Historians generally agree that this first shot was entirely ineffectual.
Except in one respect: the deer, apparently in possession of the seldom-seen "runs towards loud noises" gene, panicked and turned right at the fork. This brought it even closer to my stand, about 30 feet away I think, and I downed it immediately with a second shot to the torso. I'll put up a picture when I get one.
(When he saw where the deer had ended up, Matt opined that I could have just as easily knocked it out by throwing my gun at it.)
Since I'd seen two demonstrations earlier, I gutted the big doe myself, even though the last thing I'd gutted was a frog in ninth grade. Suffice it to say that, even with supervision from two of the other hunters, I made a huge mess of things.
Disposable gloves are awesome, but there was considerable splatter. I was in the shower as soon as we got back to the cabin.
We watched Beerfest that night at camp: the plot of that movie is held together by spit and duct tape.

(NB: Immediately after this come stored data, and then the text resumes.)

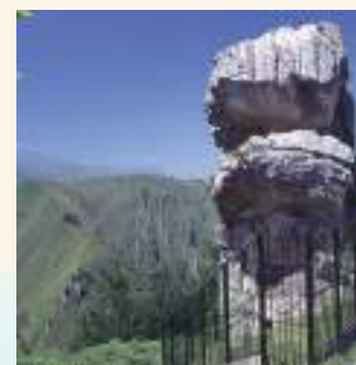
Idolo de Peña Tú

Recorriendo la costa del Concejo de Llanes nos encontramos con playas y calas, algunas escondidas, otras más urbanas. Si nos perdemos por sus montes conoceremos pequeños pueblos y aldeas donde la piedra y la madera se unen para formar conjuntos de arquitectura popular.
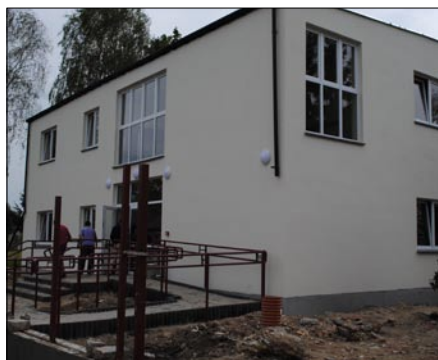
Rozbudowa DPS-u trwa.

W ramach prac obecnie realizowanych wykonywany jest generalny remont głównego budynku. Będzie on mieścił jadalnię, świetlicę, bibliotekę i salę doświadczania świata dla dzieci głęboko
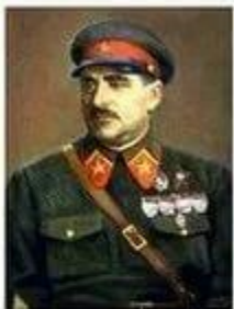
БЛЮХЕР Василий Константинович
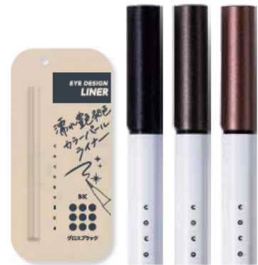
パッケージ:新デザイン採用・サイズは現行品同様(容器除く)

ただのパールアイライナーじゃない ただの定番色のブラック系・ブラウン系でもない 定番色にもトレンドがある はつきりしているのに、抜け感の演出で 今っぽい、映えメイク完成

Maybe I'm misremembering Club Dread, but I worry that the Broken Lizard troupe is becoming the M. Night Shyamalan of comedy.
We were up very early again today (4 something), but no one shot anything this morning. I saw a blue jay (wow, does their singing suck) and a chickadee landed on my rifle very briefly. That split second was probably the highlight.
Matt and I had carpooled, so we jetted out of there at noon and I dozed on and off as he listened to the Vikes game. Judging from the radio commentary, I gather that our running back is the second incarnation of Jesus H. Christ.